When a practice is sold, many (but not all) patients remain and continue their care with the purchasing chiropractor. This potential for continuity is convenient for patients, and it also enhances the practice’s value.
It is ideal when patient health records are immediately accessible to the new chiropractor. This can happen if the purchasing chiropractor becomes the custodian of the selling chiropractor’s records through execution of a BAA.
In this case, in addition to compliance with HIPAA privacy and security regulations, the BAA should specify that the custodian will provide the selling chiropractor with access to the physical health records upon reasonable notice (such as 2 business days), and that the custodian will not release or dispose of any original health records without the seller’s written authorization.
As needed, patients who continue their relationship with the practice will be asked to provide written authorization to release their records from the seller to the purchaser. Once the release is authorized, the purchaser (who is in physical possession of the records) can use the records as he/she would with any other active patient. Health records of patients who leave the practice would ultimately be placed in storage or archived, which is permissible under HIPAA.5
HIPAA has been valuable in providing uniformity in administration and enhanced protection of patients’ PHI — an important consideration in this age of identity theft. With proper planning, chiropractors wishing to sell or close their healthcare practices can provide continuity in ongoing patient care and, when necessary, the transfer of patient information, while fully complying with HIPAA requirements.
For example, many state privacy laws end their jurisdiction at the time of a patient’s death; however, HIPAA does not.
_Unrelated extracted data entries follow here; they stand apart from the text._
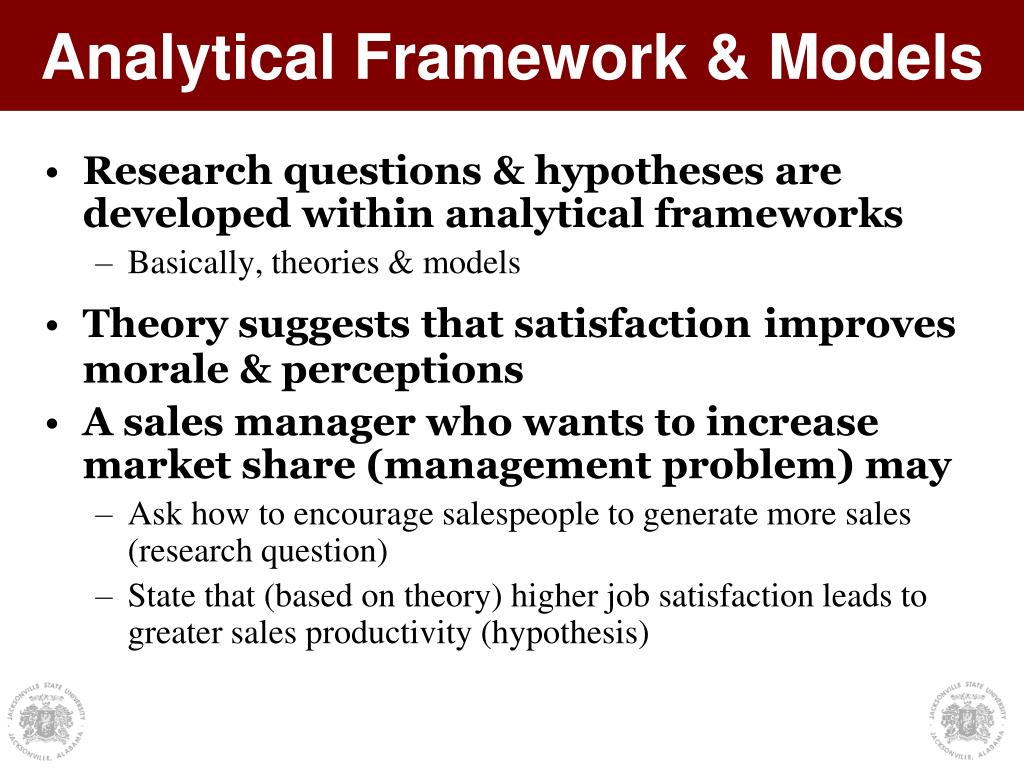 Analytical Framework & Models • Research questions & hypotheses are developed within analytical frameworks • Basically, theories & models • Theory suggests that satisfactionimproves morale & perceptions • A sales manager who wants to increase market share (management problem) may • Ask how to encourage salespeople to generate more sales (research question) • State that (based on theory) higher job satisfaction leads to greater sales productivity (hypothesis)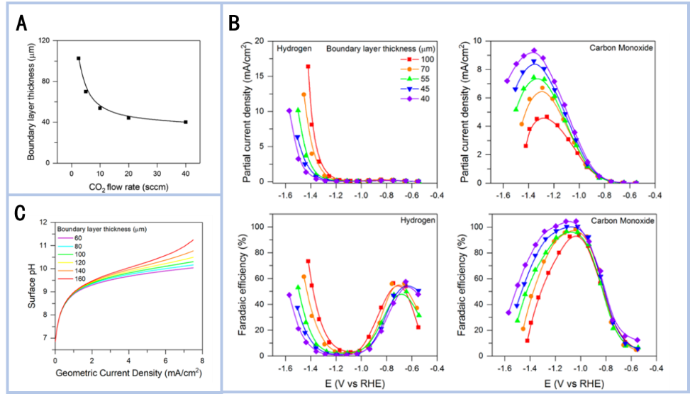 圖1.(A)多晶金上不同CO2流速下鐵氰化物還原的邊界層厚度;(B)多晶銀上活性與邊界層厚度的關(guān)系;(C) 0.1 M重碳酸鹽電解液中,不同邊界層厚度下表面pH和幾何電流密度的關(guān)系.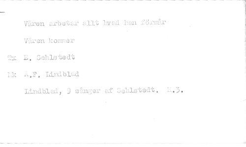 //// Våren arbetar allt lyad han förmår //// Vuran konmer ^ Qhls 10 d A,?, Lindblad //// Lindblad, 9 sånger af Gehlstedt.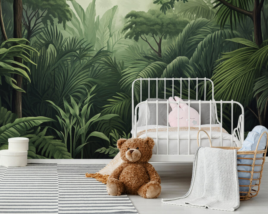 Oživte svoj priestor touto nástennou maľbou “Bujný dažďový prales” – je to ako mini dovolenka zakaždým, keď sa na ňu pozriete! Predstavte si husté lístie tropickej džungle priamo vo svojej izbe. Je ideálna na pridanie kvapky zelene a nádychu dobrodružstva, najmä v detskej izbe alebo v útulnom kútiku, kde potrebujete trochu kúzla. Vaši hostia možno začnú hľadať opice alebo tukany, vážne! Ponorte sa do pokoja prírody bez toho, aby ste museli vyjsť von. Táto nástenná maľba je navyše taká živá a detailná, že takmer budete počuť šumenie listov a štebot vtákov. Rozhodne to stojí za tú dobrú náladu!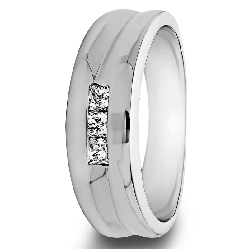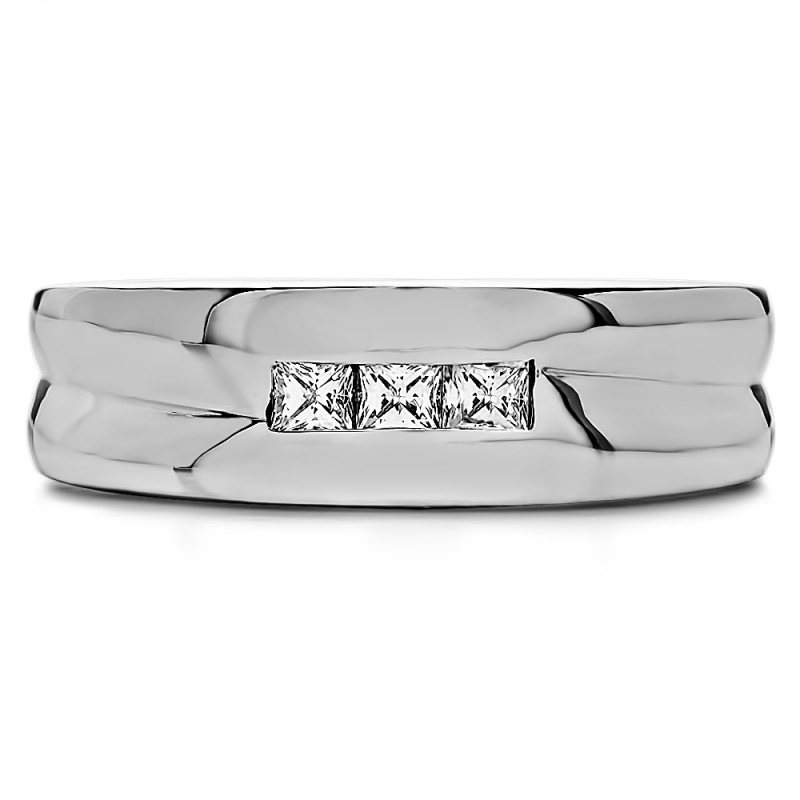 This men's ring features 3 white princess channel set stones. The band measures 5.5mm in total width. The total combined carat weight is 0.33 carats. This listing features moissanite, cubic zirconia or natural diamonds. This men's ring weighs 11.26 grams and features a comfort fit band. This ring has an indented center design with a high polish finish.

Following the death of a patient, the only person who can authorize the release of the patient’s PHI is usually the executor or personal representative of the deceased’s estate. If an estate does not exist, a court order might be required to authorize the release of the information.
Practitioners should know exactly what the retention requirements are in the state(s) in which they practice. State medical societies are good resources for this information.
Under HIPAA, a practitioner’s responsibility to provide patients with copies of their records does not terminate with the practitioner’s retirement. As long as the practitioner still possesses the records, he/ she must provide copies if patients request them.
HIPAA allows a reasonable fee to be charged for labor and copying. Many states also have laws related to health record copying fees; if these laws are not consistent with HIPAA, then providers must abide by the federal HIPAA regulations.
In the case of EHRs, the selling practitioner would transfer all records electronically to the purchaser (in an encrypted format and after executing a BAA). The purchasing practitioner would then, with the patient’s written authorization, transfer individual records to active files when needed. The health records of patients who do not remain with the practice would be stored as inactive/archived records. The selling practitioner could also easily retain a copy of all patient health records for his/her future use.